Par Mustapha Attia
Mon conseil d’hygiène mentale pour cet été ? Prendre congé des politicards, syndicalistes et «chroniqueurs» sur canapé à qui les scandales n’ont rien enseigné. C’est un exercice à la fois instructif, passionnant et, d’une certaine manière, réconfortant. Ne haussez pas les épaules. Et surtout pas tout de suite, attendez un peu. Ne me reprochez pas de m’essouffler et de ne plus donner que des fonds de tiroir !
La prudence exige de ne pas se décider trop vite sur mes intentions. Bien sûr, la nostalgie est devenue la première obsession des Tunisiens en ce temps de désarroi. Mais personnellement, je ne crois dans la passion pour le passé qu’une propension à croire à une nouvelle Tunisie qui s’inspire de ses racines. La mémoire nous disait Freud, est «un acte d’imagination». Nous réinventons nos souvenirs tout au long de notre vie. C’est vrai que les anciens ne sont pas des modèles, ni des géants inégalables nous offrant leurs têtes et leurs épaules. Mais parfois, il faut saisir dans sa mémoire une belle image sur laquelle il faut s’arrêter puis zoomer et ouvrir grand son esprit et ses poumons. Suivez-moi alors : à la fin des années soixante, le courant «Attaliaa al-adabia» ( l’Avant-Garde littéraire) était devenu un phénomène prépondérant qui, en déconstruisant les normes établies, avait ébranlé toute la scène culturelle. Il a également suscité l’intérêt du public ordinaire et dérangé sérieusement les pouvoirs publics. On eût dit des eaux dormantes d’un lac marécageux secoué subitement par la chute d’un énorme pavé. Comme tous les phénomènes, et dans tous les domaines, le mouvement se manifesta brusquement, sans préambule aucun, d’autant plus que ses feux furent attisés par des facteurs tant intrinsèques qu’extrinsèques dont le plus important fut incontestablement le mouvement quasi révolutionnaire de mai 1968, en France, et toutes les conséquences qui s’en sont ensuivies dans plusieurs pays. Tout le monde croyait donc que ce mouvement littéraire bouillonnant n’était qu’une goutte de sang chaud qui ne tarderait pas à s’éteindre sous l’effet des vents impétueux. Mais le choc qu’il produisit tant dans les milieux conservateurs qu’au niveau des appareils de l’État, lui permit paradoxalement de perdurer et de se prolonger plus longtemps qu’on ne l’avait cru.

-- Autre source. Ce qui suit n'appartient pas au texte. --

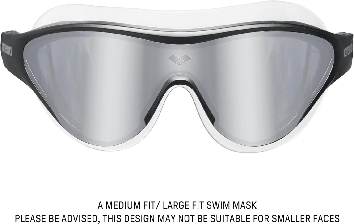 A medium fit / large fit swim mask, The One Mask goggle has mirrored lenses and soft seals that adapt to most faces; Please be advised, this design may not be suitable for smaller faces
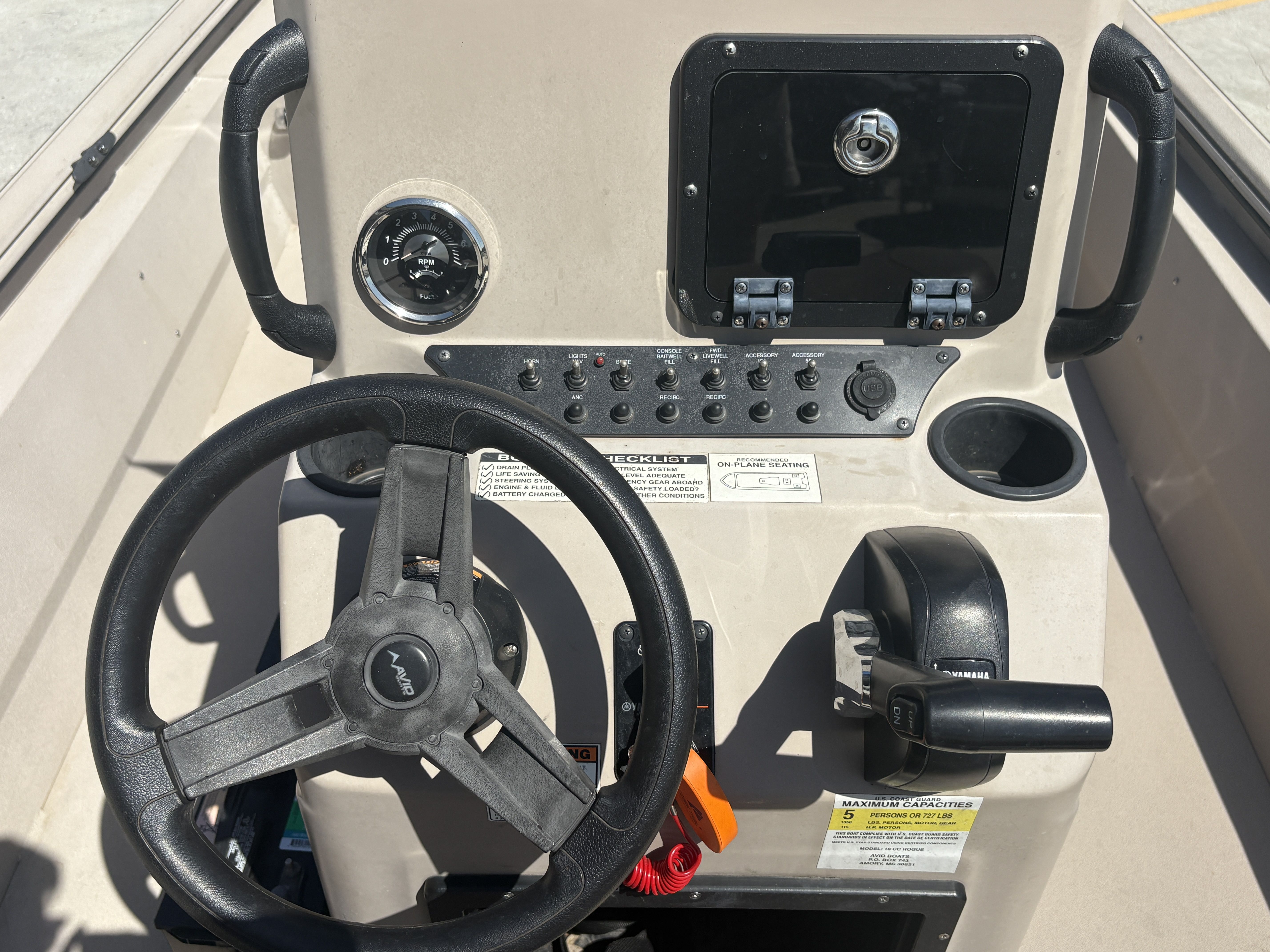 The Avid 20 Rogue is a versatile 20-foot center console aluminum boat known for its performance, durability, and features like a livewell, baitwell, storage, and optional Seadek flooring. Standard equipment includes high-speed aerator pickups, an auto bilge pump, a marine-grade electrical system with waterproof switches, and Versatec gunnels with accessory tracks. It can be powered by various Yamaha engines, with a maximum horsepower of 150 HP, and offers options like different livewell sizes, custom finishes, and a specialized "Gamekeeper" Edition.
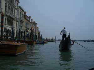 | サンマルコ運河を進むゴンドラ この運河は広々としていて見晴らしがよい |

Certains journaux de l’époque se sont empressés alors d’interdire les créations de ce mouvement, pire encore, certains esprits fanatiques sont allés jusqu’à brûler les œuvres de Ezzedine Madani, plus particulièrement son roman expérimental, «L’homme zéro» (Al Insen Essefr).
C’est alors qu’au fil des ans, ce mouvement littéraire s’est transformé en porte-parole non déclaré officiellement de l’opposition sociale, culturelle et politique. C’est ce qui a poussé les opportunistes au pouvoir à vouloir endiguer son emprise et à éradiquer son enthousiasme.
Ce fut alors la débandade du groupe et l’extinction de son souffle créateur au sein d’une scène très normative sinon traditionnelle. «Il ne faut pas laisser les intellectuels jouer avec les allumettes», ironisait Jacques Prévert. Devant l’horreur de ce qui s’est passé, Bourguiba, qui avait bien lu Gramsci et sa célèbre citation «le combat politique se gagne d’abord culturellement» et croyait fermement que la seule bataille qui vaille dans le monde porte essentiellement sur le rôle de l’éducation et de la culture, se demanda pourquoi son pays a pu atteindre un tel degré d’obscurantisme. Pour lui, nul doute que les racines du mal sont à chercher dans le radicalisme. Il s’était permis de les déterrer pour les mettre en lumière en ordonnant à Ahmed Ben Salah, Idriss Guiga, Mahmoud Messaâdi et Chadli Klibi de réformer l’enseignement et la politique culturelle dans le pays.